只见那男子张皇失措,瞬间从衣袖里掏出匕首,刚掏出匕首,他身后就蹦出了几个人,像是那人同伙,他拖着那位小公子向后退去,其余的几个人渐渐逼近贺宽,个个凶恶煞。而此时,其余贝勒府里的护院赶紧挡在承欢他们的面前,护着他们先上马车。这时候他们几个小的怎么能错过这等好戏,再说贺宽的功夫了得,怎么会怕了那些个市井之徒。
贺宽和那些人动起手来,他从容不迫很快的便解决了那些人,那些坏人落荒而逃,贺宽见那些人逃跑了,便帮那公子解开手上的麻绳儿,拿掉嘴里的棉布。那小公子倒十分儒雅,拱手作揖谢着贺宽相救。贺宽微微一笑道,“小公子莫谢在下,要谢便谢我家主子吧。”
那小公子看向贺宽飘过来的眼,然后径直走向弘时,拱手作揖道,“谢过这位公子,方才让那位侠士相救。”他转过身又冲着承欢说道,“小生谢过小姐,若不是小姐方才让令兄搭救小生,只怕小生这会已经不知被带往何处了。”
承欢见那小公子彬彬有礼,便也回了小礼,好在这汉人行礼她是见过的,这也学得有模有样的说道,“公子不必客气,路见不平拔刀相助,乃是人生一大快事。”
承欢这话音刚落,弘时便在一旁小声念叨着,“到底是十三叔的女儿,连说话口气都像极了十三叔。”
承欢看看弘时,不明白他说的那话是什么意思,可也没问,然后又转过头冲那小公子一笑。那小公子说自己姓荣,虽说不是京城人士,但是自家在京城里也有府邸,承欢便和弘时商议,送他回府,以免他再遭遇不测。

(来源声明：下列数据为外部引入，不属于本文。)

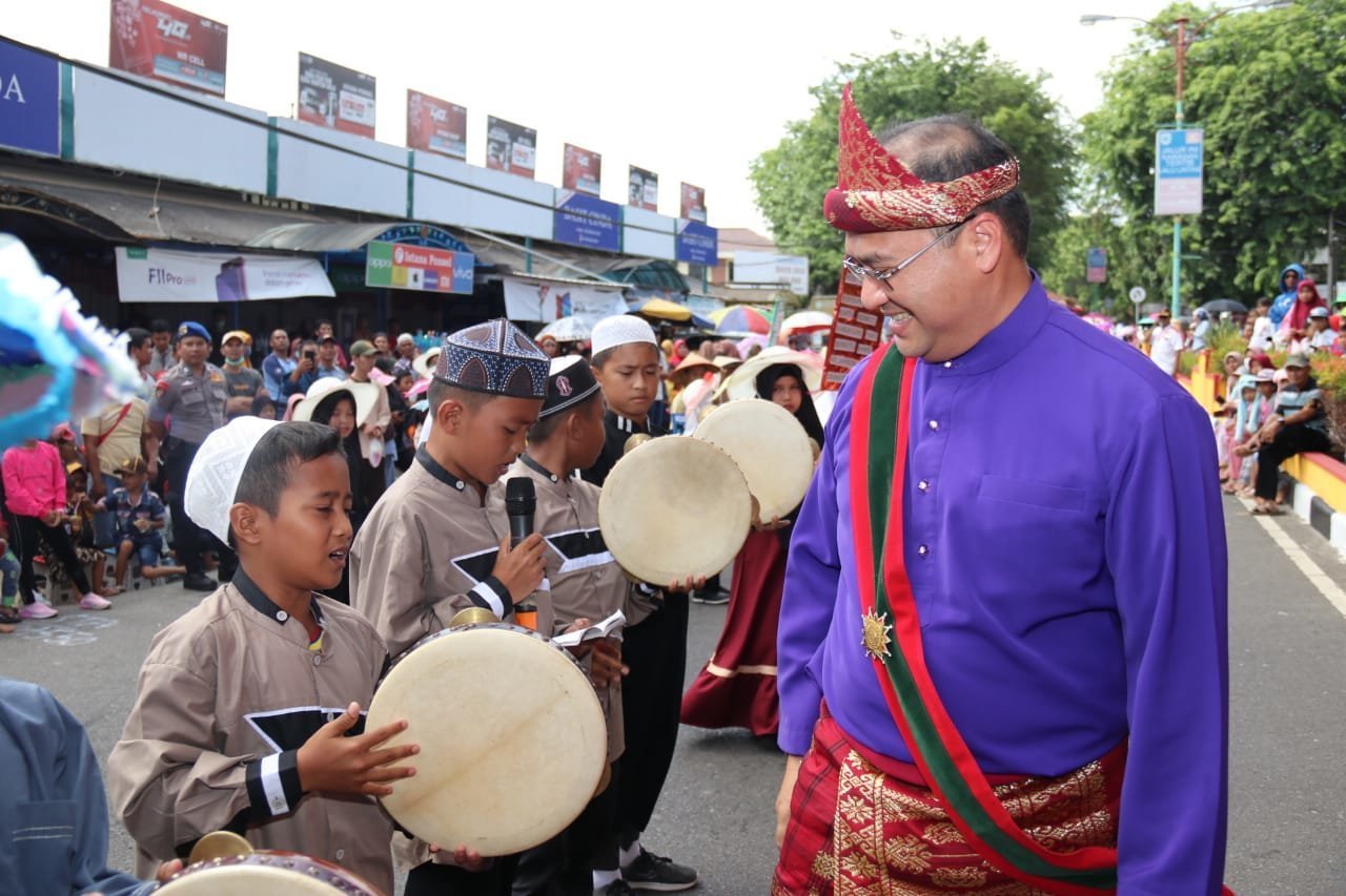 Pangkalpinang | Gubernul Babel Erzaldi Rosman didampingi Wagub Abdul Fatah serta Forkopimda Babel menyambut hangat peserta karnaval HUT RI yang melintasi panggung kehormatan pada Sabtu (24/8/2019).
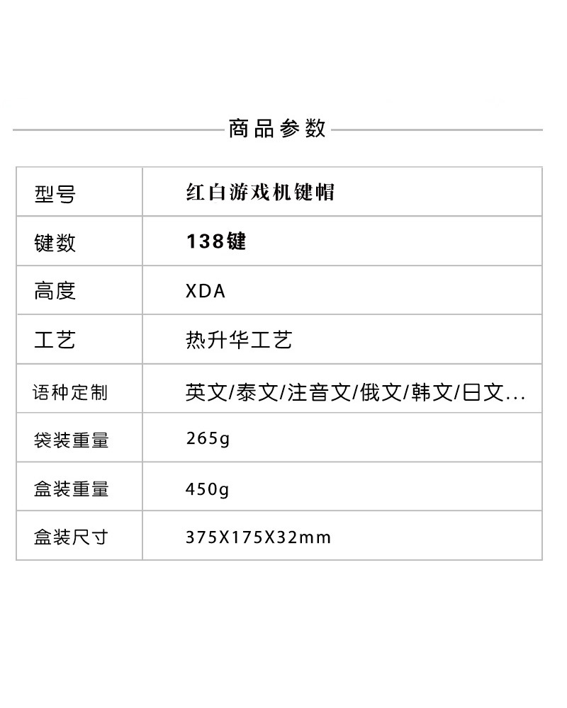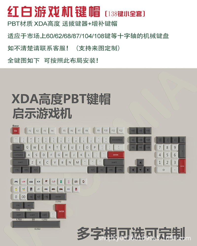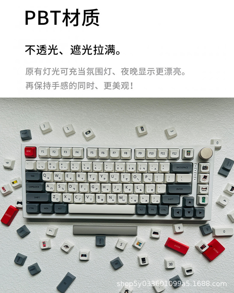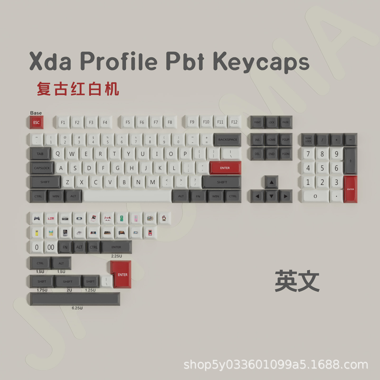 Keycap XDA 복고풍 빨간색과 흰색 게임 콘솔 PBT 5면 승화 기계식 키보드 캡에는 다양한 언어 버전이 포함되어 있습니다.스토어 가기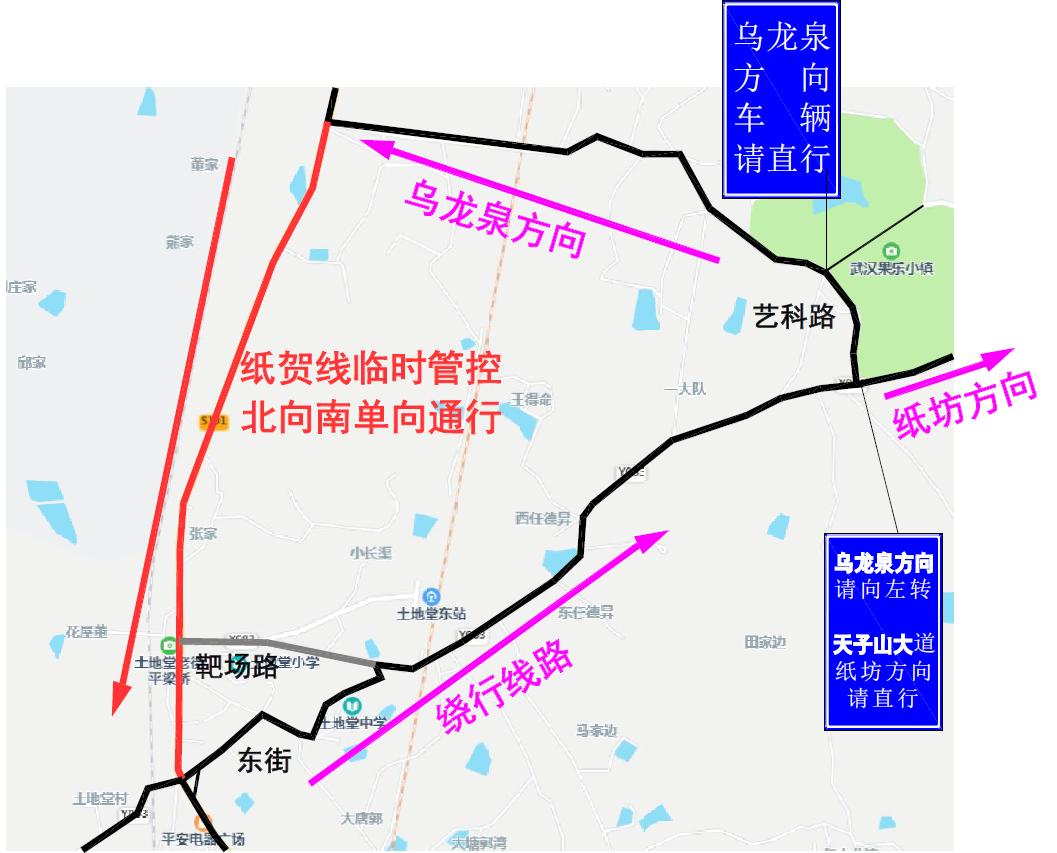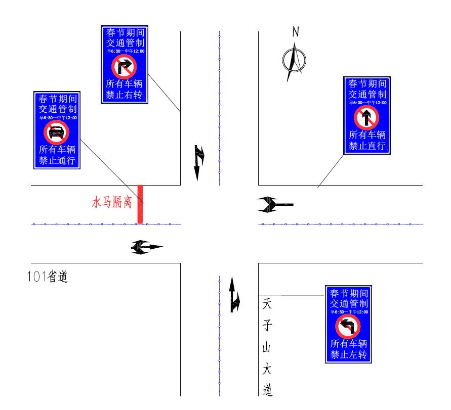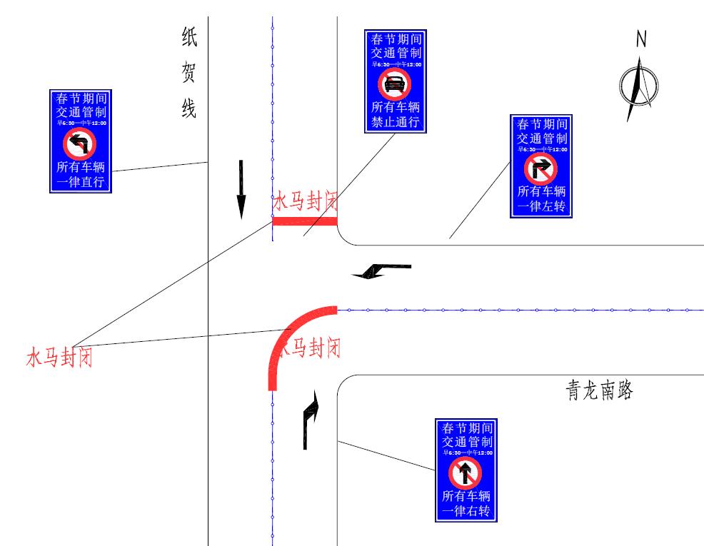纸贺线与青龙南路路口:由南向北禁止机动车直行,由东向西禁止机动车右转,由北向南禁止机动车左转,进城车辆可通过纸陈线、天子山大道绕行。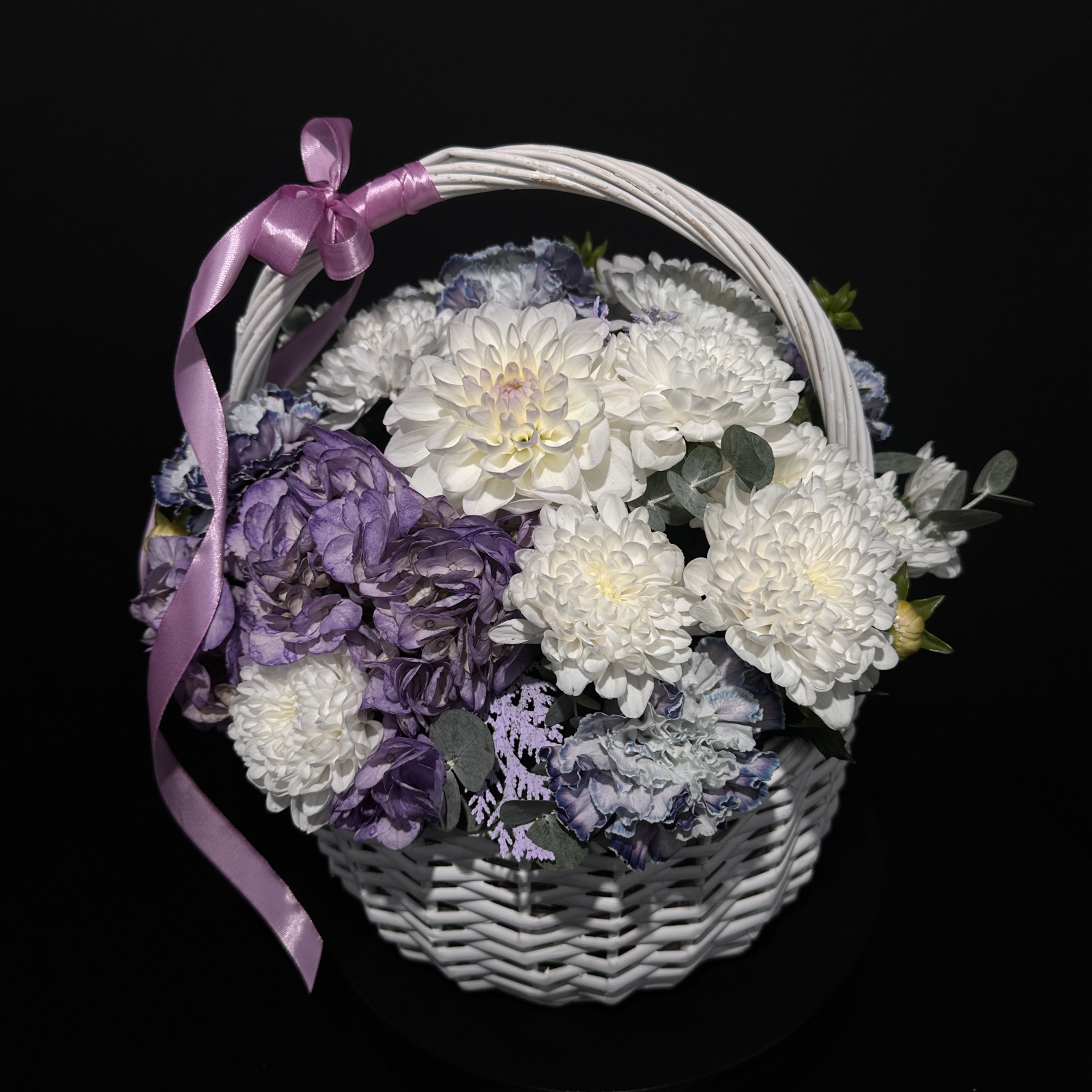 Состав: гвоздика 4, цветок ванды 3, хризантема кустовая 2, гортензия 1, эвкалипт 1 и прочее. под заказ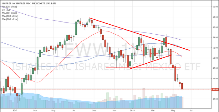 The Mexican iShares (EWW) ETF is about to break multi-year lows.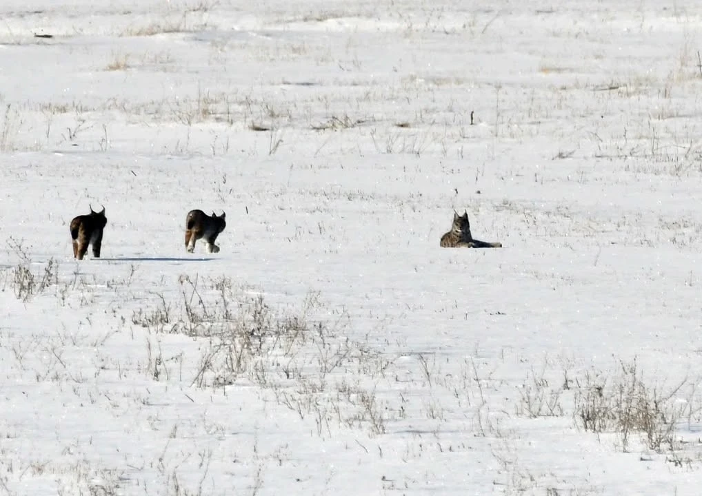 Bölgede etkili olan kar yağışı sonrası doğada yiyecek bulmakta zorlanan vaşak ailesinin köy kırsalına kadar indiği görüldü. Bir süre kar üzerinde ilerleyen vaşaklar, daha sonra gözden kayboldu.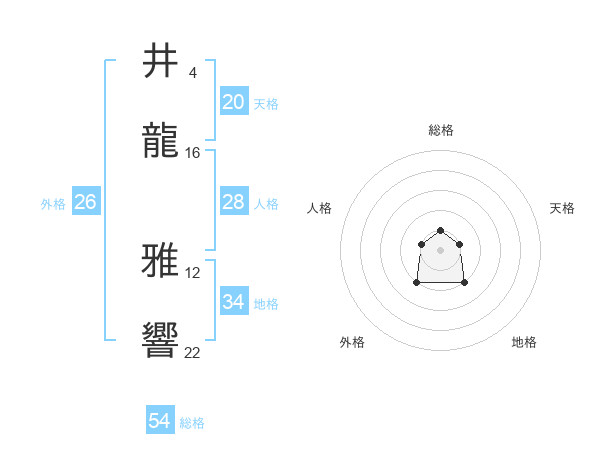 井龍 雅響さんを姓名の画数から五運を鑑定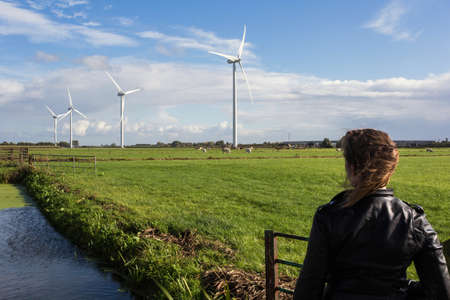 Woman looking at dutch landscape, windmills and cows in the distance with blue sky ,meadow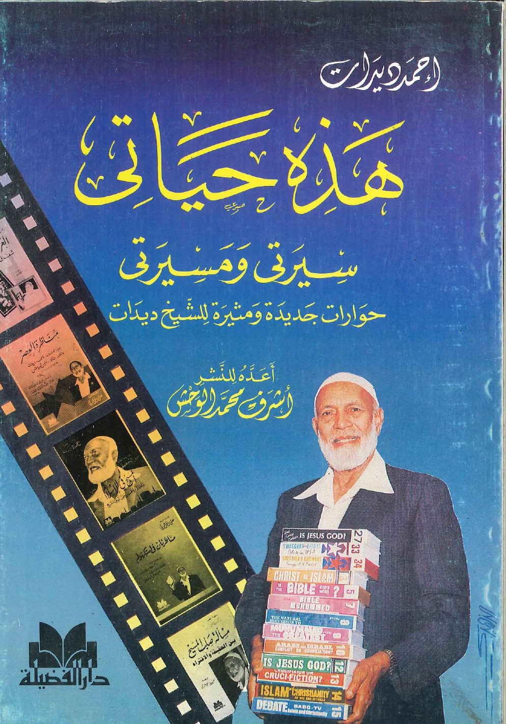 هذه حياتي: سيرتي ومسيرتي “للشيخ “أحمد ديدات” ..يكتب فية قصتة حياتة ..ربما يعرفة الكثيرون ولكن لا يعرفون قصة حياتة ..هى قصة حياة جديرة بل هي أكثر من ذلك ..فكتب الدنيا ربما لا تكفيها.الشيخ “أحمد ديدات “داعية إسلامية ذاع صيته في أوربا أمريكا وكذلك في الدول العربية .. ناقش وناظرالكثير من القضايا و النقاط المحورية في المسيحية واليهودية بعلمه الغزير في مجال مقارنات الأديان..مسيرة طويلة في الدفاع عن الإسلام والأفكار الخاطئة عنه وعن رسوله صلى الله عليه وسلم ، ولكن كيف كانت البداية في هذه المسيرة؟ .. كيف كان الطريق من بلدة “تادكيشنار” الهندية مرورا بجنوب إفريقيا وصولا إلى العالم أجمع؟ .. هذه الاسئلة وغيرها مما قد يدور في الأذهان حول سيرة هذا الرجل الفريد وأجوبتها تم تجميعها وتفريغها من شرائط الفيديو والكتب في هذا الكتاب، الذي يأخذنا إلى عالم الشيخ “أحمد ديدات” ويحبو بنا خطوة بخطوة .. لنرى حياته وسيرته ومسيرته مع الإسلام والأديان ، بالاضافة إلى بعض الحوارات والتفاصيل عن عمل المركز الدولي للدعوة الاسلامية والاجيال الجديدة في مجال الدعوة الإسلامية ودور الشيخ في هذا كله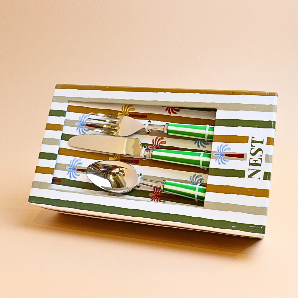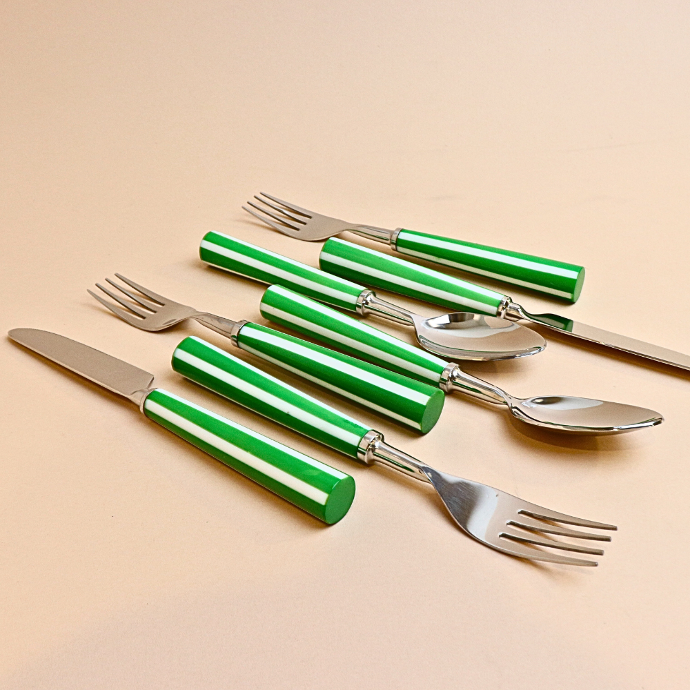 طقم أدوات مائدة مخطط (أخضر) – 18 قطعة

路上在马车里,他们才从荣公子口中得知,原来他家是做大米生意的。
前几日第一次随他爹爹进京玩,但是他爹爹昨日突然要去天津卫谈生意,本想带着他的,可想想也就去一日便回了,便把他留在京城的大宅里了。他今个和管家出来转街,自个贪玩跑开了,才被那个坏人抓了去,还听那坏人自言言语说是荣家的小少爷可得换不少金子。
这个教训告诉承欢,以后还是万事小心为妙,千万莫像他似的被人拐了去。终于到了荣公子府上,承欢下车望去,嚯,这荣府还挺气派,可不比弘时哥哥的贝勒府差。只是那管家差些,竟以为弘时他们是来勒索钱财的,差点要报官抓他们。幸好荣公子及时解释,才避免了一场误会。
贺宽看不惯那管家的嘴脸,而且竟敢小看自己的主子,可自己又不能太招摇,便假装不小心漏出了自己的腰牌,只见那管家看见了贺宽的腰牌后,才赶紧收敛刚才的态度,赶忙冲弘时道谢。承欢刚要上马车,却被荣公子唤住,“小姐请留步,还未曾请教小姐芳名。”
承欢回头看了荣公子一眼,满面春色的说道,“我也不知道你的名讳。”
荣公子微微笑道,“我姓荣你是知道的,唤我世赞即可。”
承欢色自若,嘴里重复着他的名字,“荣世赞,好,我记住你了,往后我再告诉你我的芳名。”
正文 第6章 人生如雾亦如梦 上
还没等荣公子醒过,承欢早已经被贺宽抱上马车匆匆离去,她从帘子里偷偷往外看着,见他还在那挥手,忍不住扑哧一笑,回过头掩着嘴继续笑着。+言情内容更新速度比火箭还快,你敢不信么?怜雪见承欢掩嘴笑不说话,便也往帘子外向后看去,她转过头说道,“看来咱们承欢妹妹是喜欢这个荣公子了。”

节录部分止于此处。